Title: The Survival of Love

Introduction

Here we are at one of the best known and most beautiful passages of the Bible. Unbelievers are often startled at this powerful poetic portrayal of love and yet do not understand why Paul introduces the subject at this point. The translators of the King James Version translated the word charity rather than love. The word charity comes from the same Greek root, but perhaps they were avoiding a confusion with romantic love. This problem is still with us. In the world love is most often thought of as something emotional, you fall in and out of love.  In the Bible love has to do with the will, and it means a lasting commitment. This provides a rare insight into the situation in Corinth. You see the Corinthians had a problem with engaging in worldly philosophy as Paul says in 1:20. And, the great Greek philosopher Plato said, “it is by madness that the greatest of blessings come to us,” in the Phaedrus, and he also said that, “No one in possession of his understanding has reached divine and true exaltation” in Timaeus. So the Corinthians thought the more ecstatic, the more out of your mind, the more you were possessed or dispossessed, the closer to God you were. Paul says never! True Christian service and true closeness to God comes not from the emotions, but the will; Not from being carried away but from being in full possession of your rational faculties. Thus the most important thing of all is not how you feel, but whether you are committed. And this is important in worship as in all of life. Paul says the best way, the greatest gift, the most excellent way is not speaking in tongues, or a word of knowledge or prophesying. It is love. We shall examine Paul’s argument here and we shall see love is the best because it is the purpose for service, the power of service and the perseverance in service.

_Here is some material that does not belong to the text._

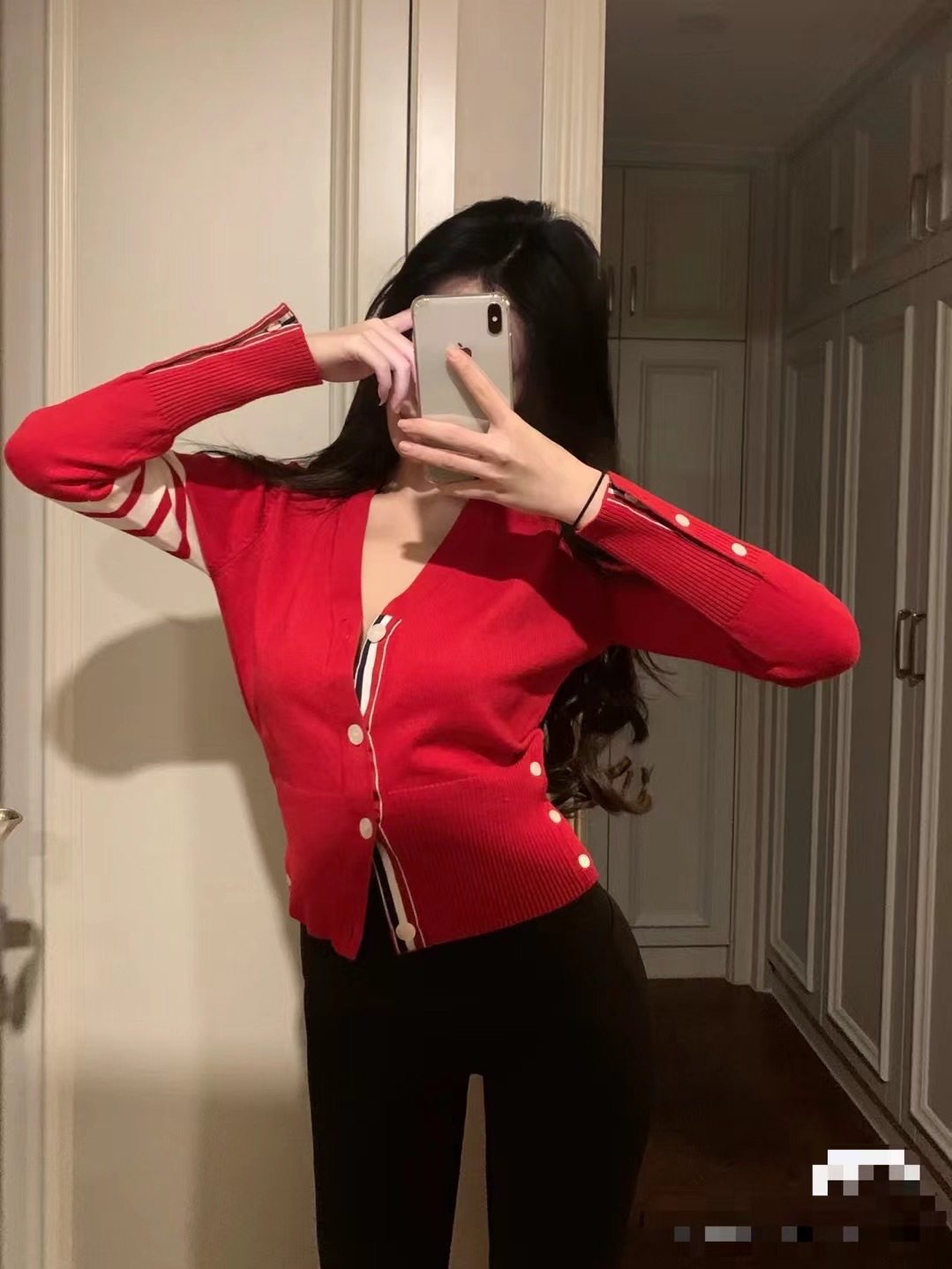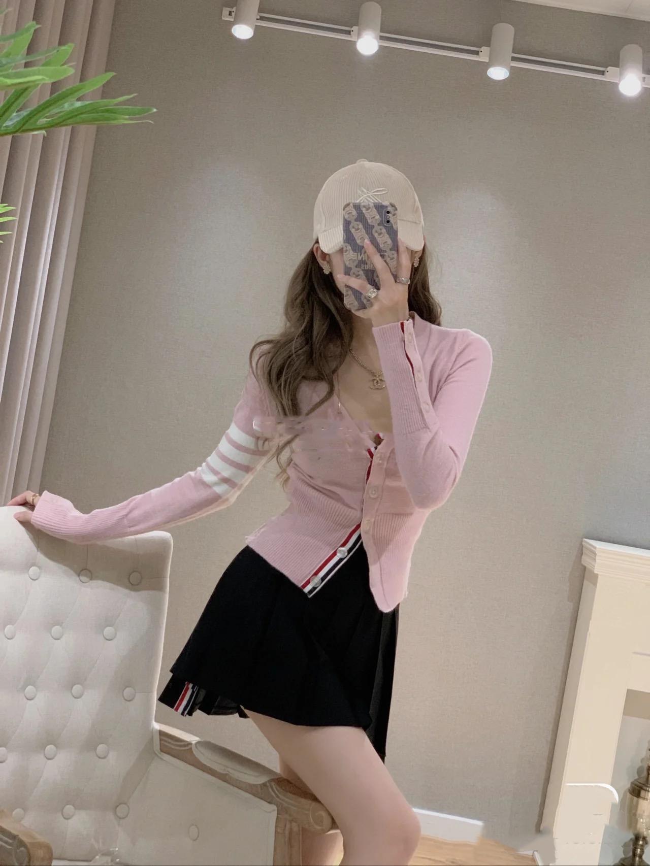 TB 여성 슬림 니트 가디건 탑 클래식 네 줄무늬 봄 가을 신상 네 버튼 고급 모조 울 가디건스토어 가기

I Love is the Purpose for Service


According to verses 1-3, not only gifts of knowledge but even gifts of service when exercised without love are nothing, And now I will show you the most excellent way. If I speak in the tongues of men and of angels, but have not love, I am only a resounding gong or a clanging cymbal. If I have the gift of prophecy and can fathom all mysteries and all knowledge, and if I have a faith that can move mountains, but have not love, I am nothing. If I give all I possess to the poor and surrender my body to the flames, but have not love, I gain nothing. Not only may I teach without love, but i can give my time and treasure and talent, i can sacrifice and suffer, and yet be without love. How is this possible? It happens when i do any of these things with the unholy motivation of self-interest. When i do them for reputation or money, or self-satisfaction. In “The Four Loves” C.S. Lewis writes “Do not waste time bothering whether you “love” your neighbor; act as if you did.  As soon as we do this, we learn one of the great secrets.  When you are behaving as if you loved someone, you will presently come to love them.  If you injure someone you dislike, you will find yourself disliking him more.  If you do him a good turn, you will find yourself disliking him less.  There is however one exception.  If you do him a good turn, not to please God and obey the law of love, but to show him what a fine forgiving chap you are, and to put him in your debt, and then sit down to wait for his “gratitude,” you will be disappointed. let me tell you this business of feeling good about yourself is way overrated.” It is true that we are made in God’s image and are inherently valuable. It is also true that Jesus loved us enough to die for us, but I can also tell you that every time I start feeling good about myself I feel too good, and God sends a little trouble or disappointment to bring me down off the pedestal. The purpose for our service is love and not pleasing ourselves. Life, liberty, and the pursuit of happiness may be guaranteed in our constitution but you will only find them in giving yourself for others as the obedient servant of Jesus Christ.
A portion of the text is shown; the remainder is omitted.